• [TASK OBJECTIVE] Pictures do not belong in your copy. Repeat all the other data exactly.

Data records
::::

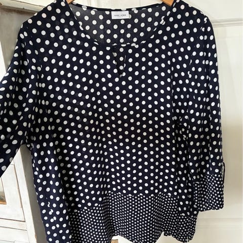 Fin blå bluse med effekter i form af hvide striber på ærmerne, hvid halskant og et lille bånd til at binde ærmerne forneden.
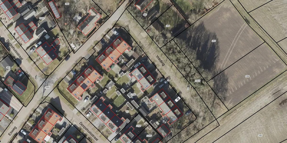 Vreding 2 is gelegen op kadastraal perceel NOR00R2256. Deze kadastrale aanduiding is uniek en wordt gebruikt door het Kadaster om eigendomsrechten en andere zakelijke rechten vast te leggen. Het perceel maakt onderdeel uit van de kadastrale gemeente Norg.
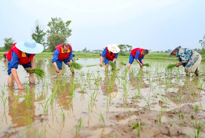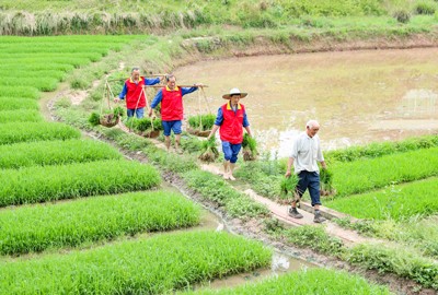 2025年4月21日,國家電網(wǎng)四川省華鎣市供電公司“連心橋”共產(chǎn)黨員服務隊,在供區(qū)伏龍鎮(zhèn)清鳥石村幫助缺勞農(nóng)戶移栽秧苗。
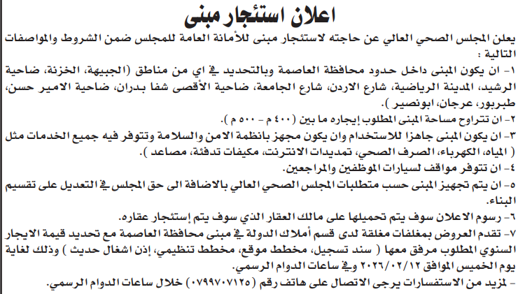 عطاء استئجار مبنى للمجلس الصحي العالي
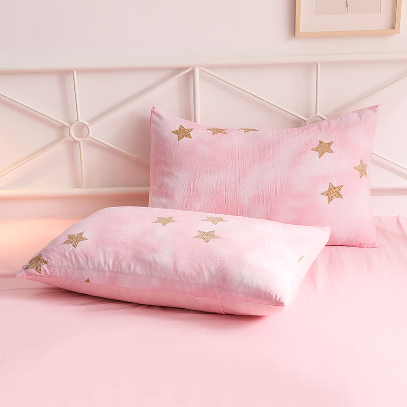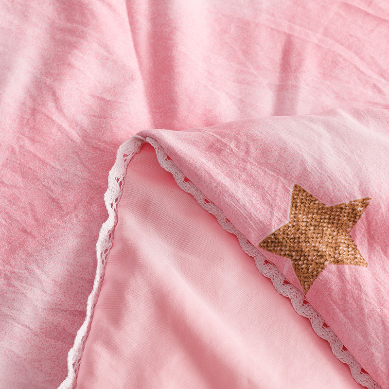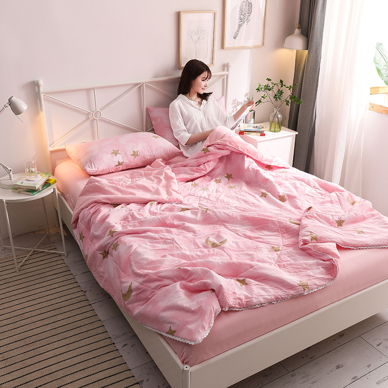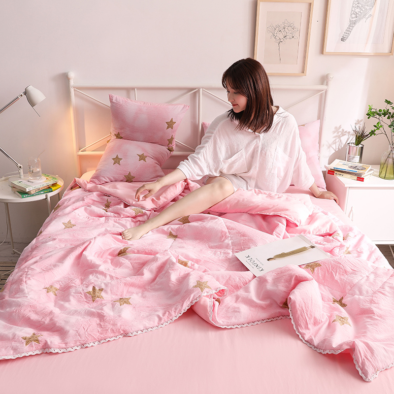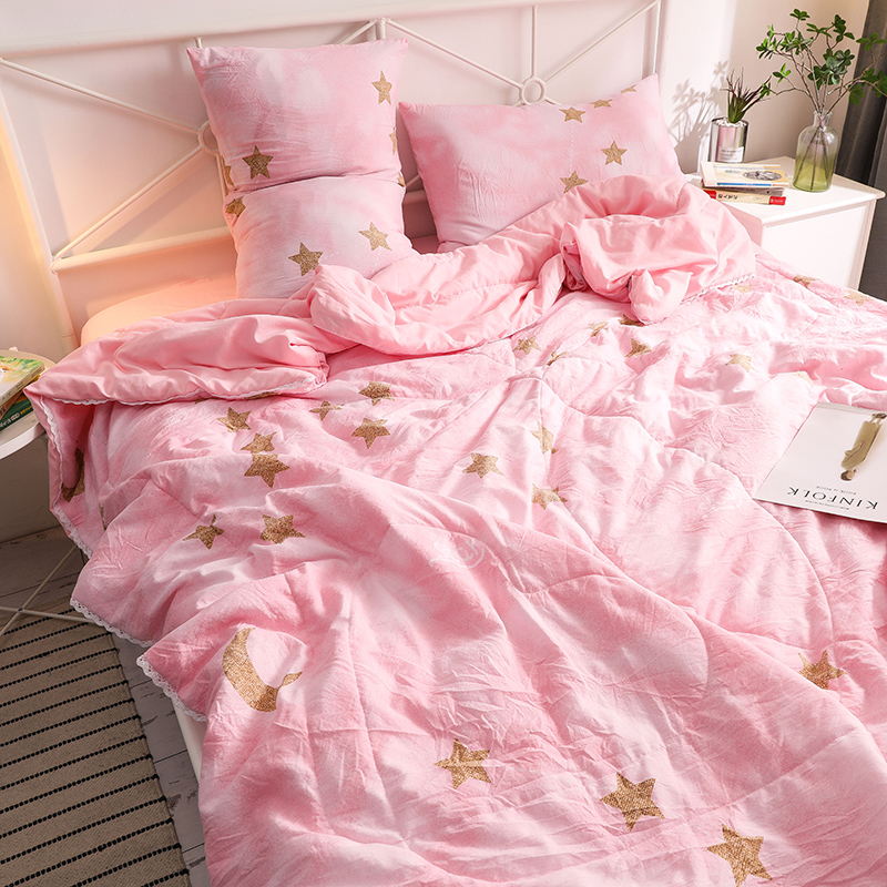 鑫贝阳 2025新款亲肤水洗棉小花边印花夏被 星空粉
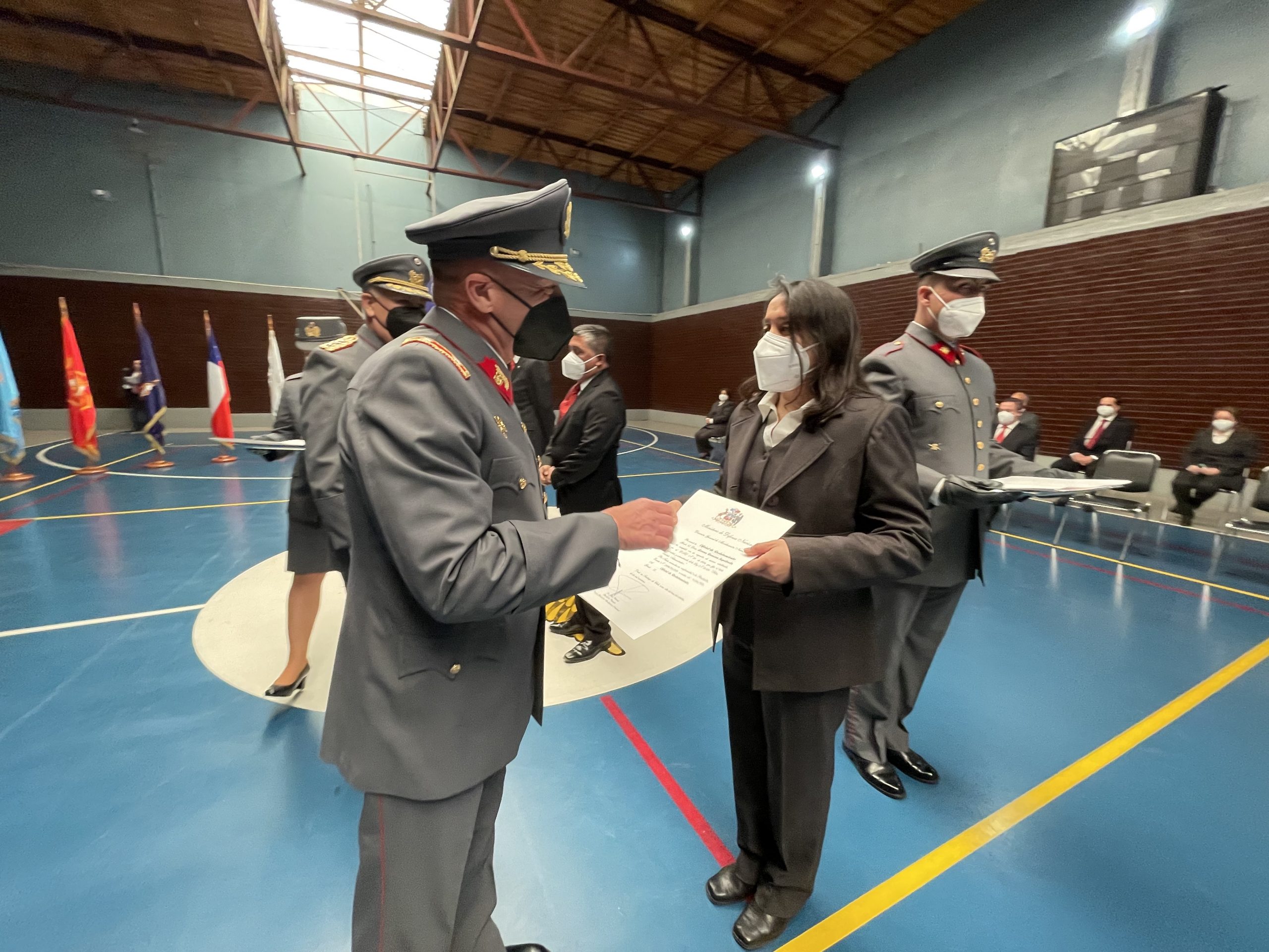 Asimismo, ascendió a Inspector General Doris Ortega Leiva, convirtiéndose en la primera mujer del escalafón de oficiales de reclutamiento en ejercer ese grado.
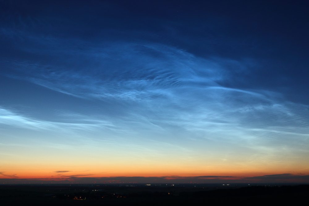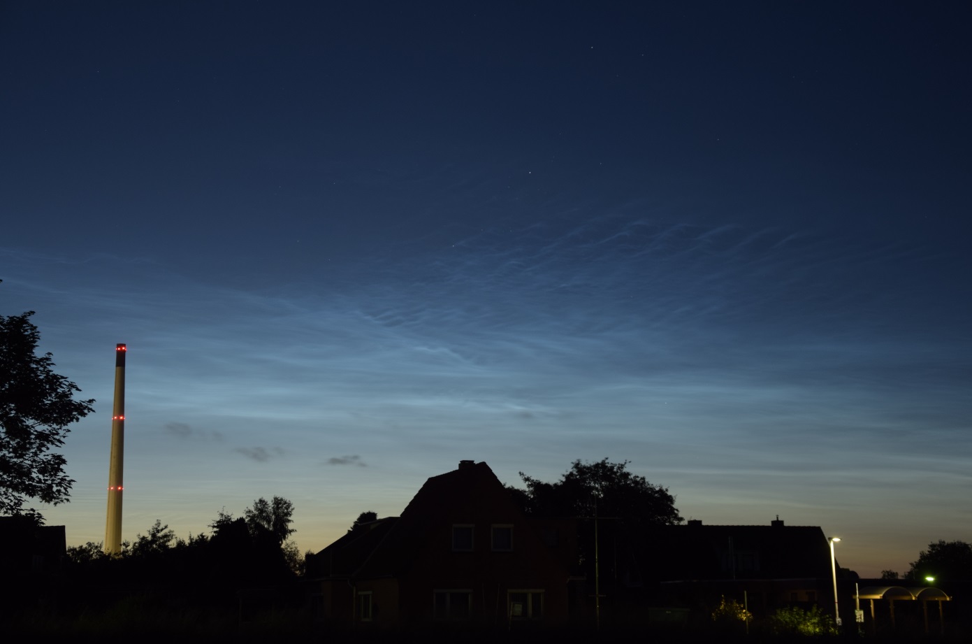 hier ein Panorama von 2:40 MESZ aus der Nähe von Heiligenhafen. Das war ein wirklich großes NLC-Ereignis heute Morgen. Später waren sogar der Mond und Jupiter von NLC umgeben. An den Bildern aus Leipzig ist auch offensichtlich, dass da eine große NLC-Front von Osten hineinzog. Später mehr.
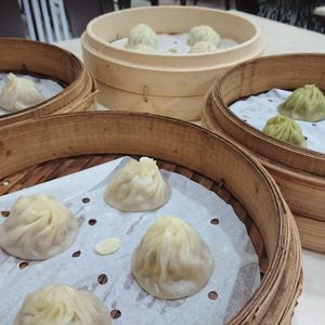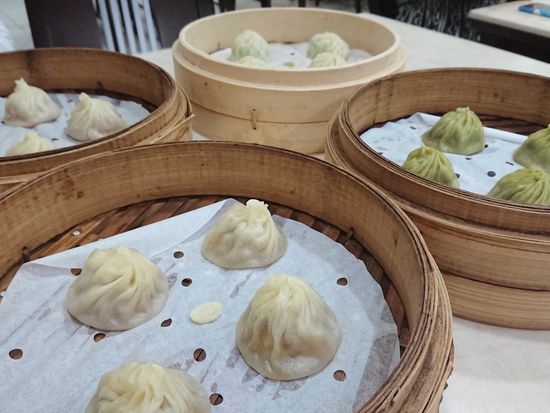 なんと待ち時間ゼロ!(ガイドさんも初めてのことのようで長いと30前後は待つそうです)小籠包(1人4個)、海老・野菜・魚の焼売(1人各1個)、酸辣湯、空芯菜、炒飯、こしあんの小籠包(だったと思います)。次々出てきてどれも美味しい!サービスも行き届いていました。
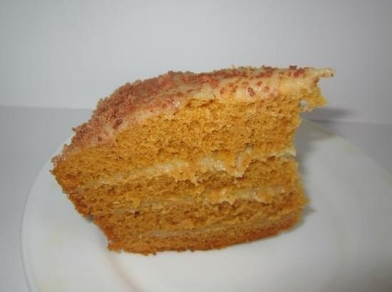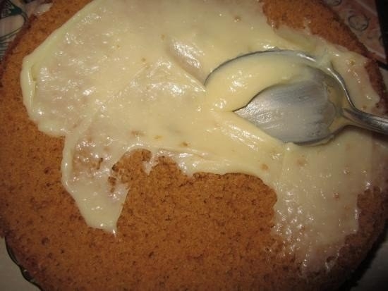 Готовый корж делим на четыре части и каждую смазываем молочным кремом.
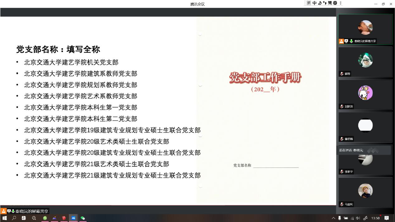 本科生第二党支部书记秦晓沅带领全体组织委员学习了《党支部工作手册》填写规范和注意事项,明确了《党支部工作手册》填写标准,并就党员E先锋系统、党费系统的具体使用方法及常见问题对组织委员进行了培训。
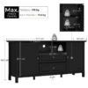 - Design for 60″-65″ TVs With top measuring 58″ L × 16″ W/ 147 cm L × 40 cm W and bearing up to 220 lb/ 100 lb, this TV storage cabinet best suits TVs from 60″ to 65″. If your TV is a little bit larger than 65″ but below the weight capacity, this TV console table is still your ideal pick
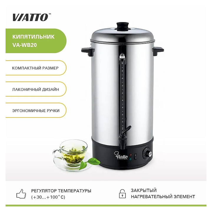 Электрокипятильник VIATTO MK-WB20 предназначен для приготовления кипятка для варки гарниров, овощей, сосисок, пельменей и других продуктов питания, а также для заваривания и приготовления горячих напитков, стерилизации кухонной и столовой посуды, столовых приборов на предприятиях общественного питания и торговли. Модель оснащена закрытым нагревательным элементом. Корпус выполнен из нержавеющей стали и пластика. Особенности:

::::

• [WRITTEN ANSWER]
 Fin blå bluse med effekter i form af hvide striber på ærmerne, hvid halskant og et lille bånd til at binde ærmerne forneden.
 Vreding 2 is gelegen op kadastraal perceel NOR00R2256. Deze kadastrale aanduiding is uniek en wordt gebruikt door het Kadaster om eigendomsrechten en andere zakelijke rechten vast te leggen. Het perceel maakt onderdeel uit van de kadastrale gemeente Norg.
 2025年4月21日,國家電網(wǎng)四川省華鎣市供電公司“連心橋”共產(chǎn)黨員服務隊,在供區(qū)伏龍鎮(zhèn)清鳥石村幫助缺勞農(nóng)戶移栽秧苗。
 عطاء استئجار مبنى للمجلس الصحي العالي
 鑫贝阳 2025新款亲肤水洗棉小花边印花夏被 星空粉
 Asimismo, ascendió a Inspector General Doris Ortega Leiva, convirtiéndose en la primera mujer del escalafón de oficiales de reclutamiento en ejercer ese grado.
 hier ein Panorama von 2:40 MESZ aus der Nähe von Heiligenhafen. Das war ein wirklich großes NLC-Ereignis heute Morgen. Später waren sogar der Mond und Jupiter von NLC umgeben. An den Bildern aus Leipzig ist auch offensichtlich, dass da eine große NLC-Front von Osten hineinzog. Später mehr.
 なんと待ち時間ゼロ!(ガイドさんも初めてのことのようで長いと30前後は待つそうです)小籠包(1人4個)、海老・野菜・魚の焼売(1人各1個)、酸辣湯、空芯菜、炒飯、こしあんの小籠包(だったと思います)。次々出てきてどれも美味しい!サービスも行き届いていました。
 Готовый корж делим на четыре части и каждую смазываем молочным кремом.
 本科生第二党支部书记秦晓沅带领全体组织委员学习了《党支部工作手册》填写规范和注意事项,明确了《党支部工作手册》填写标准,并就党员E先锋系统、党费系统的具体使用方法及常见问题对组织委员进行了培训。
 - Design for 60″-65″ TVs With top measuring 58″ L × 16″ W/ 147 cm L × 40 cm W and bearing up to 220 lb/ 100 lb, this TV storage cabinet best suits TVs from 60″ to 65″. If your TV is a little bit larger than 65″ but below the weight capacity, this TV console table is still your ideal pick
 Электрокипятильник VIATTO MK-WB20 предназначен для приготовления кипятка для варки гарниров, овощей, сосисок, пельменей и других продуктов питания, а также для заваривания и приготовления горячих напитков, стерилизации кухонной и столовой посуды, столовых приборов на предприятиях общественного питания и торговли. Модель оснащена закрытым нагревательным элементом. Корпус выполнен из нержавеющей стали и пластика. Особенности:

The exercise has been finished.